(Matra, Jakarta) – Jajaran Kejaksaan di seluruh daerah di Indonesia akan memperketat pengawasan pengelolaan kawasan hutan. Kemudian jajaran Kejaksaan juga akan bersikap tegas menindak para pelaku perusakan hutan sesuai peraturan dan perundang-undangan yang baru.
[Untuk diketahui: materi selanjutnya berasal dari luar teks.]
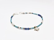 チベットシルバーマーカーとターコイズブルーホワイトハーツ、グーズベリー、ブルーアンティークビーズ、oldオリッサブラスの華奢なアンクレット
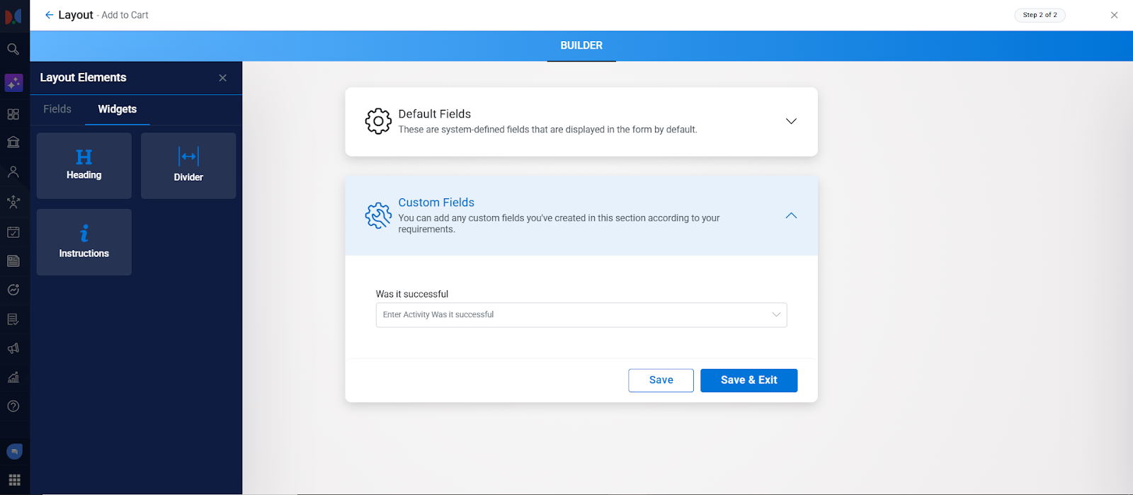 After clicking Next, you'll be taken to the Layout Builder.
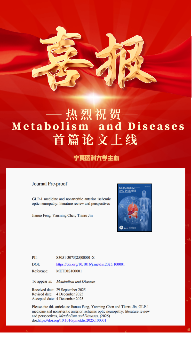 学校主办英文期刊《Metabolism and Diseases》首篇论文“GLP-1 medicine and nonarteritic anterior ischemic optic neuropathy: literature review and perspectives”于2025年12月8日正式上线,这不仅标志着《Metabolism and Diseases》在推动代谢与疾病研究方面迈出了重要的一步,也意味着《Metabolism and Diseases》开启了其在医学相关领域学术传播的新阶段。
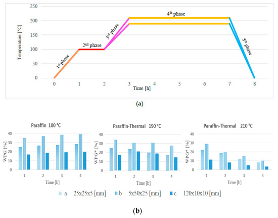 The weight percent gain (WPG, and also WPG*) values of paraffin into beech wood specimens were affected by their dimension, at which the lowest WPG (or WPG*) values had specimens of Type (c) 120 mm × 10 mm × 10 mm (L × T × R) with the smallest portion of axial surfaces (Figure 2b). The so-called WPG* (WPG − ΔmThermal) values were simultaneously affected by weight losses of specimens caused by degradation of hemicelluloses and other components of wood at the high temperatures of 190 or 210 °C acting from 1 to 4 h (Figure 2b).

Karena itu, para pengusaha perkebunan, pertambangan dan kehutanan tidak bisa lagi semena-mena menggarap kawasan hutan untuk usaha mereka.
Peningkatan pengawasan pengelolaan kawasan hutan dan sikap tegas terhadappelaku perusakan hutan yang dilakukan jajaran Kejaksaan tersebut merupakan respon terhadap kehadiran Rancangan Peraturan Presiden tentang Penertiban Kawasan Hutan (Ranperpres PKH).
Untuk mempercepat penerapan Ranperpres PKH tersebut, Jaksa Agung Muda Bidang Intelijen (Jamintel) Kejaksaan Agung (Kejagung) Prof Reda Manthovani melakukan Sosialisasi Ranperpres PKH secara virtual (komunikasi video jarak jauh) dengan jajaran Kejaksaan se-Indonesia di Jakarta, Jumat (10/1/2025).
Reda Manthovani mengatakan, Sosialisasi Ranperpres PKH tersebut dimaksudkan untuk memaksimalkan pengenaan sanksi administratif dan percepatan penyelesaian permasalahan tata kelola lahan. Baik tata kelola lahan pada kegiatan pertambangan, perkebunan dan kegiatan lain di dalam kawasan hutan yang berpotensi menyebabkan hilangnya penguasaan negara atas kawasan tersebut.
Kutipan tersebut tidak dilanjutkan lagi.